Exercise goal
Leave out the pictures, and write out exactly the lines from the beginning of the material to the line holding "Love Layers is", that line included, and nothing else.

**** Data for analysis

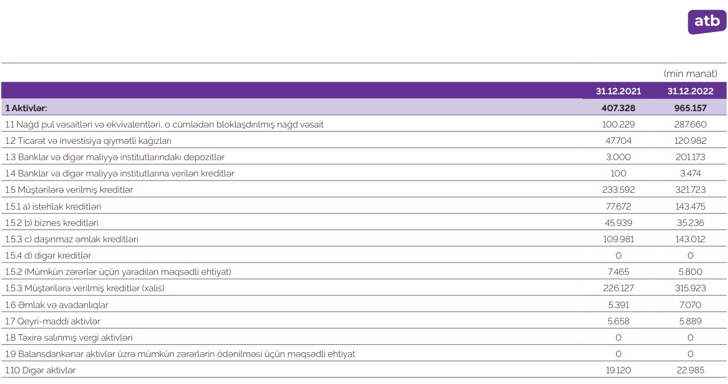 Qeyd edilib ki, dövlət bankı Azər Türk Bankın 01 yanvar 2023-cü il tarixinə aktivləri ötən ilin müvafiq dövrü ilə müqayisədə 140% artaraq, 965,2 milyon manat səviyyəsində olmuşdur.
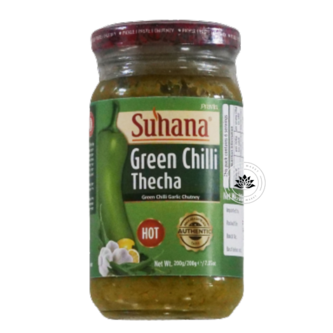 Suhana Green Chilli Thecha 200GM is a spicy and authentic Maharashtrian-style chutney made from fresh green chillies, garlic, and traditional spices. Its bold and fiery flavor adds a perfect kick to meals, snacks, and parathas. Popular in UAE for its premium quality and homemade-style freshness.
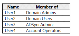 Your network contains an on-premises Active Directory domain named contoso.com. The domain contains the users shown in the following table.
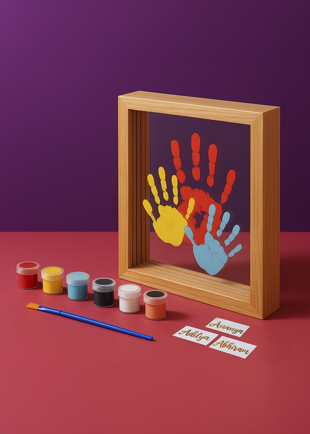 Love Layers is a handmade teak wood frame that turns your touch into timeless art. Designed for couples, families, and friends, each edition comes with crystal-clear acrylic sheets, premium non-toxic paints, and personalized name stickers — so every handprint becomes a lasting symbol of love and connection.
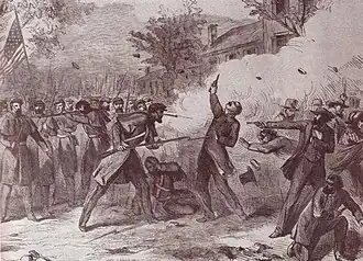Lyon suspected the Camp Jackson forces of conspiring to attack the arsenal. His suspicions were confirmed by personal investigation after he visited Camp Jackson, allegedly disguised as an older woman.[4] On May 10, Lyon marched on Camp Jackson with about 6,000 Missouri Volunteers and U.S. Regulars. Lyon forced the surrender of the militia, taking 669 prisoners.
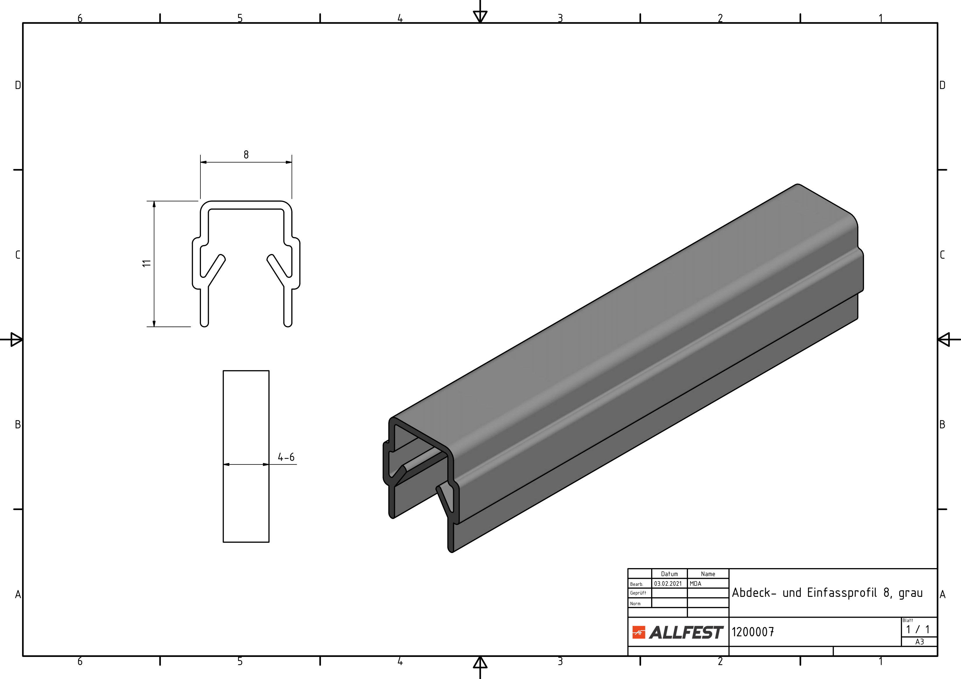 Abdeck- und Einfassprofil 8, grau - allfest.de
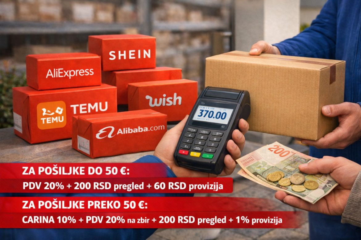 Pošiljke vrednosti do 50 evra: Iako su oslobođene carine, na njih se obračunava 20% PDV-a na vrednost robe. Uz to, kupac plaća fiksni trošak od 200 dinara za uslugu carinskog pregleda i 60 dinara provizije za prenos novca. Primer: Ako naručite sitnicu od 5 dolara (oko 550 dinara) uz besplatnu dostavu, dodatni troškovi će iznositi oko 370 dinara, što značajno menja finalnu cenu proizvoda.
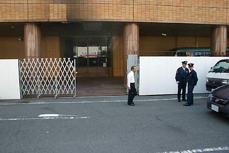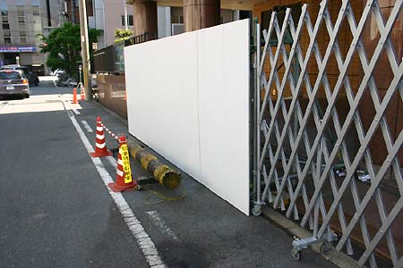 中新網5月6日電 5月6日上午,日本政府有關部門派維修工人把被日本右翼分子撞毀的中國駐大阪總領館的大門換下,重新安裝嶄新的新鐵門,在維修期間總領館大門還暫時敞開著,大門兩邊安置白色板面裝飾大門兩側。(《關西華文時報》叢中笑/春風)
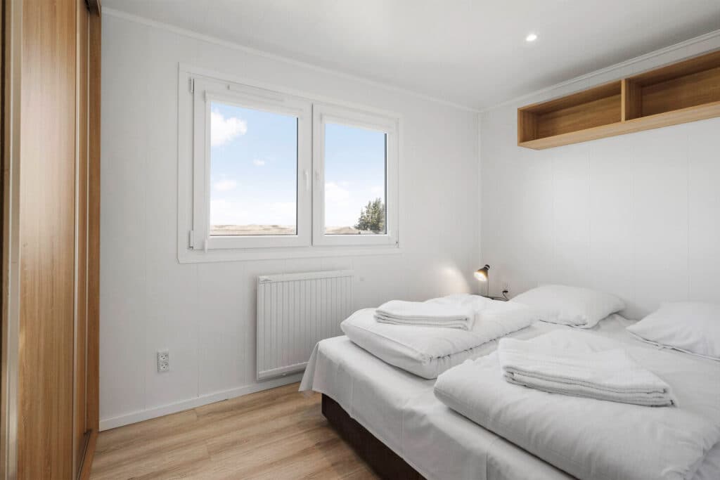 I en Mobilehome har du alt du trenger for en god ferie: Gode senger, kjøkkenfasiliteter med oppvaskmaskin, bad/toalett, sofa og TV samt møbler på terrassen, slik at du kan nyte sommeren eller lyden av det brusende Nordsjøen .
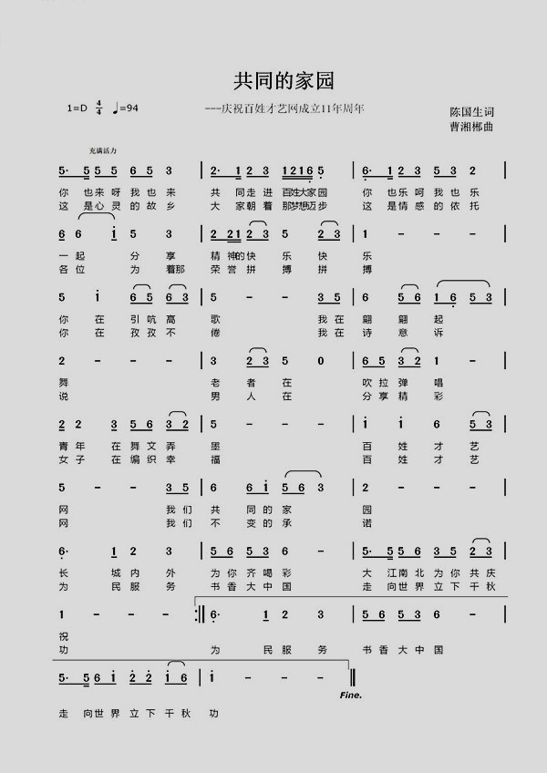 2.《共同的家園》__慶祝百姓才藝網(wǎng)成立11周年》(作曲/曹湘郴)
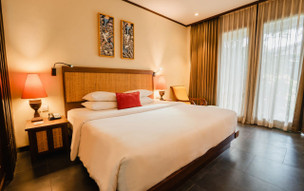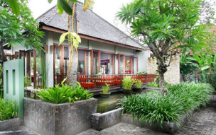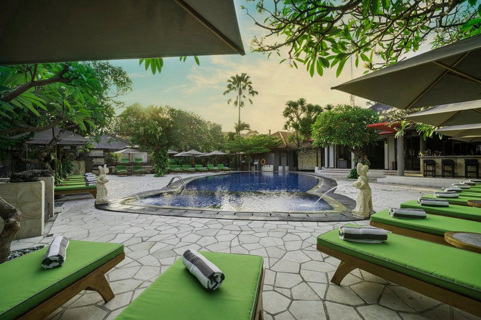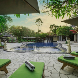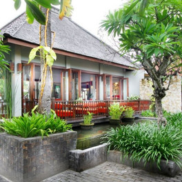 Kuta, v jižní části ostrova, v tropické zahradě, v těsné blízkosti písečné pláže Kuta Beach, známé pro výborné surfařské podmínky a pro své výhledy na západ slunce. V pěší vzdálenosti od městečka Kuta, které nabízí spoustu zábavních a nákupních možností. V blízkosti se nachází golfová hřiště. Vzdálenost od letiště cca 15 minut jízdy.
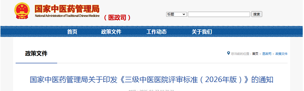 为引导强化中医医院坚持公益性、履行功能定位,全面落实“强基、稳二、控三”工作部署和分级诊疗制度要求,优化完善中医医院评审制度,保障医疗质量安全,提升医疗服务能力、医院管理水平和精细化运营效能,国家中医药管理局组织制定了《三级中医医院评审标准(2026年版)》。现印发给你们,请遵照执行。
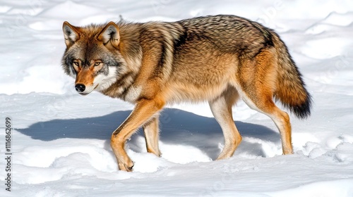 Fototapeta premium A lone wolf walks through a snowy landscape.
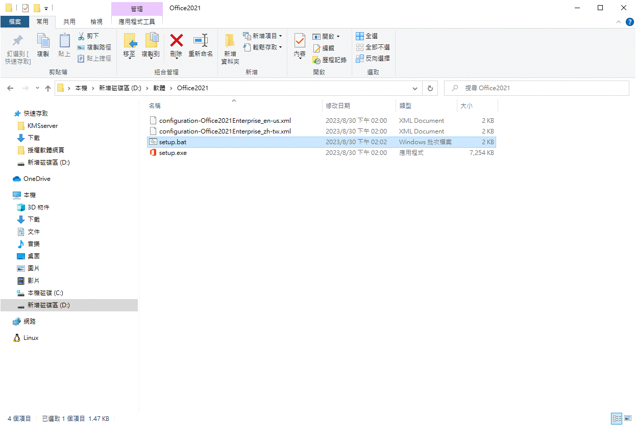 | 一、下載LTSC專業增強版 2021安裝檔 中英文64bit 解壓縮並直接按左鍵執行【setup.bat】檔案。 |
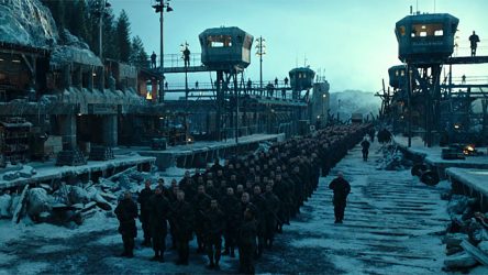 War for the Planet of the Apes. l’ll have to say that I looked forward to this movie with a fair amount of expectation. Why? Nothing else has really excited me this year since Get Out. Alien:Covenant was quite good, but the fanboy crying about it virtually ruined it for me. Free Fire was fun, but hardly a blockbuster, and Moonlight was a predictable yawner, stealing an Oscar from the rightful best movie, La La Land. Baby Driver? Kevin said it all in his review. I won’t mention the movies that I did not see, such as Logan and Wonder Woman. Oh, I mentioned them, didn’t I? Have I posted enough links? Good, maybe that will make up for the inexplicable product placement of the Coca’Cola truck in the movie.
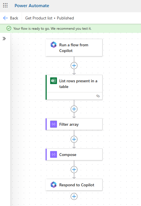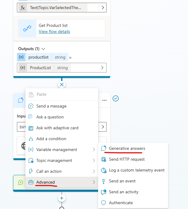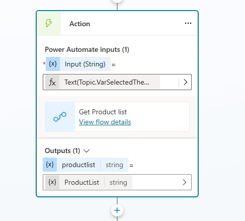 Call Power Automate flow in Copilot studio and store product list in variable “ProductList”.
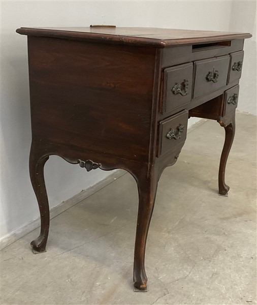 Piccolo scrittoio in legno tinto con fronte a cinque cassetti, gambe mosse (cm
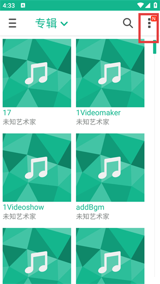 1、在音樂應用的專輯頁面,點擊右上角的菜單按鈕,展開包含多個操作選項的菜單列表。
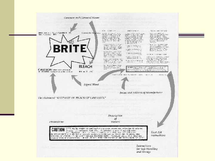 Labels and Warning Signs n Identity- can be chemical or common name as long as it is the same term on the label, chemical list and MSDS. n Hazard Warning- convey physical or health effects of a chemical; e. g. “potential carcinogen” or “causes lung damage or “flammable”. If available, must convey target organ effect.
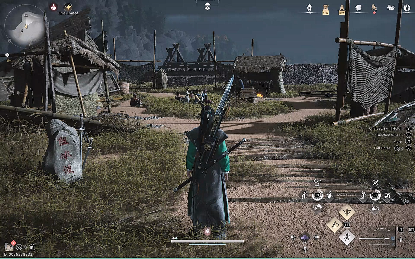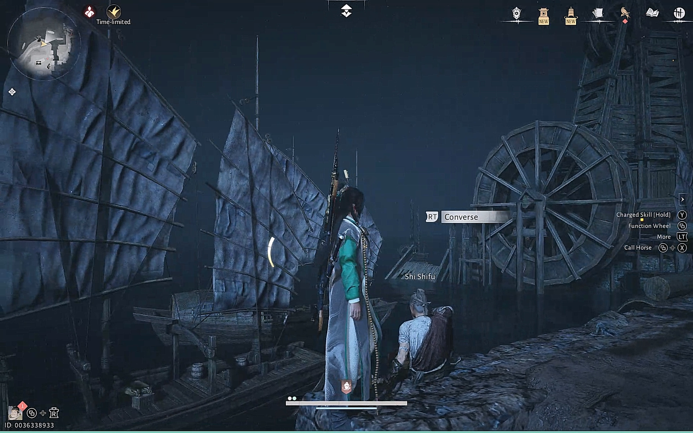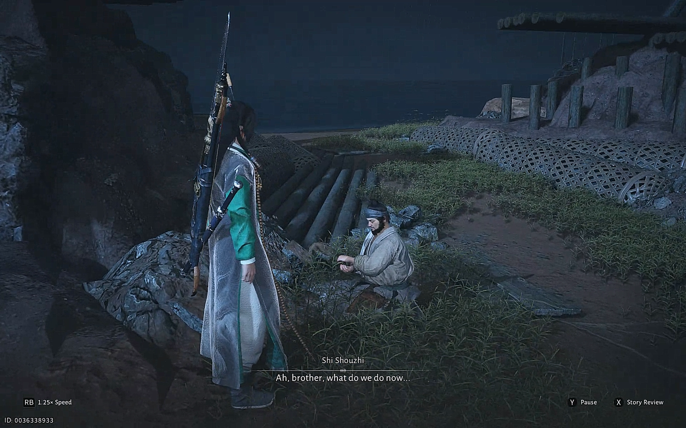 From the starting location, explore the area and find Shi Shouzhi. He will be present on the left near the rock establishments.
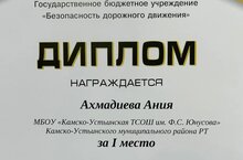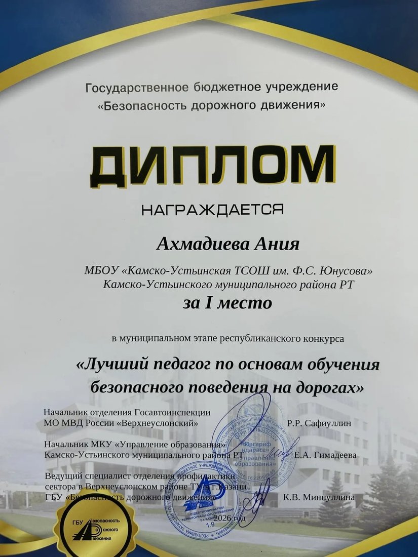 Поздравляем Ахмадиеву А. З. с призовым местом в муниципальном этапе республиканского конкурса "Лучший педагог по основам обучения безопасного поведения на дорогах".
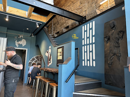 Read moreHello there! I was lucky enough to be in Scotland this summer and saw an ad for Cantina: A Star Wars themed bar experience by The Cocktail Geeks in Edinburgh. I have been a lifelong fan and so I couldn't resist making reservations and dragging my wife along as well (she's a fan, too, just not quite as much as I am). Every bit of our experience was top-notch, and the attention to detail they put in to the menu design, the drinks, the staff uniforms, and the decor made this Star Wars nerd very happy. You can start by taking an online quiz to determine "What Color is Your Kyber Crystal?" and then order the corresponding highball from the menu. They all have different taste profiles and strengths of alcohol (and yes, there are also mocktails for anyone that wants to skip the booze). They even put some cheeky lines in Aurebesh on the menu which I was thrilled to be able to read (I told you I was a big fan). The drinks were all very tasty and kept to the theme, with fun references to all eras of Star Wars. I tried several, my favorite being The Beskar which came in a silver metal cup and was chilled by a large ice cube stamped with the Imperial cog. The drink even had the shimmery look of the beskar ingots seen in The Mandalorian. The wait staff was all friendly and very knowledgeable and the service was very attentive, despite the full house. If you're in Edinburgh between now and September 2023, pop in to The Cantina and enjoy some of the finest libations in the galaxy far, far away. And may the Force...

********

Written solution
 Qeyd edilib ki, dövlət bankı Azər Türk Bankın 01 yanvar 2023-cü il tarixinə aktivləri ötən ilin müvafiq dövrü ilə müqayisədə 140% artaraq, 965,2 milyon manat səviyyəsində olmuşdur.
 Suhana Green Chilli Thecha 200GM is a spicy and authentic Maharashtrian-style chutney made from fresh green chillies, garlic, and traditional spices. Its bold and fiery flavor adds a perfect kick to meals, snacks, and parathas. Popular in UAE for its premium quality and homemade-style freshness.
 Your network contains an on-premises Active Directory domain named contoso.com. The domain contains the users shown in the following table.
 Love Layers is a handmade teak wood frame that turns your touch into timeless art. Designed for couples, families, and friends, each edition comes with crystal-clear acrylic sheets, premium non-toxic paints, and personalized name stickers — so every handprint becomes a lasting symbol of love and connection.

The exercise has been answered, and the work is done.